Exercise:
Set out exactly, line by line, the stretch of data below that begins at the line containing "Christmas Market Stall" and ends at the line containing "Nine sediment control", with both ends kept.

Recorded data:
++++++++++

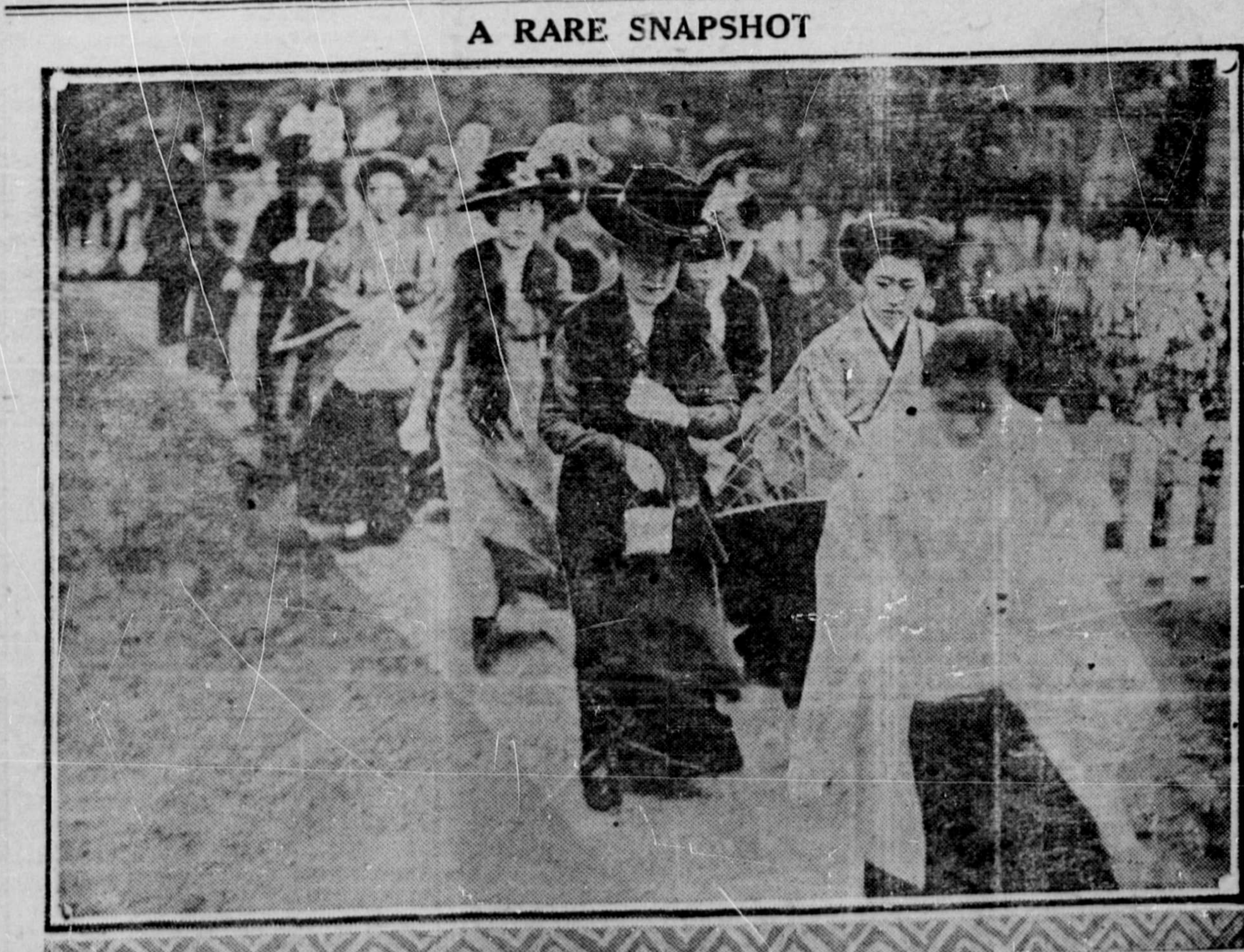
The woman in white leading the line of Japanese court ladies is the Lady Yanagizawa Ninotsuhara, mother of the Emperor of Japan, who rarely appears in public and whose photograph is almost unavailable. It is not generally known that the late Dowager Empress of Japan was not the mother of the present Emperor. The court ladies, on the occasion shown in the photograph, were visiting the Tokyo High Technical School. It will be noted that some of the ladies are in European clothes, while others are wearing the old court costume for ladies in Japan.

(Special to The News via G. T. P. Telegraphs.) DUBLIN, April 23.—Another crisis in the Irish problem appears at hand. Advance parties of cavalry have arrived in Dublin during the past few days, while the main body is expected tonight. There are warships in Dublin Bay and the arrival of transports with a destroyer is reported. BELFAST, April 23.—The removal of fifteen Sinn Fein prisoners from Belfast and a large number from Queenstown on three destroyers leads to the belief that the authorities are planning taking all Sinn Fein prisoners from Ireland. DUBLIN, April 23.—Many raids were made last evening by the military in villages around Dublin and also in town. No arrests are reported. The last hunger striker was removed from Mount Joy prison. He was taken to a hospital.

++++++++++

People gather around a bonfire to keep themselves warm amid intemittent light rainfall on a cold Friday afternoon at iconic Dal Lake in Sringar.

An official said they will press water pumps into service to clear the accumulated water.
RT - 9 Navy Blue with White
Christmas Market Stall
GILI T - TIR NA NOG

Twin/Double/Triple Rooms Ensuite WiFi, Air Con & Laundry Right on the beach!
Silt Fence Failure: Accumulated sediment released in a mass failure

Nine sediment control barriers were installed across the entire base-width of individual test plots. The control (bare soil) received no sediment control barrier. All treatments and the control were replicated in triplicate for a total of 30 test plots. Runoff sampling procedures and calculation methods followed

++++++++++

Output for this exercise:
Christmas Market Stall
GILI T - TIR NA NOG

Twin/Double/Triple Rooms Ensuite WiFi, Air Con & Laundry Right on the beach!
Silt Fence Failure: Accumulated sediment released in a mass failure

Nine sediment control barriers were installed across the entire base-width of individual test plots. The control (bare soil) received no sediment control barrier. All treatments and the control were replicated in triplicate for a total of 30 test plots. Runoff sampling procedures and calculation methods followed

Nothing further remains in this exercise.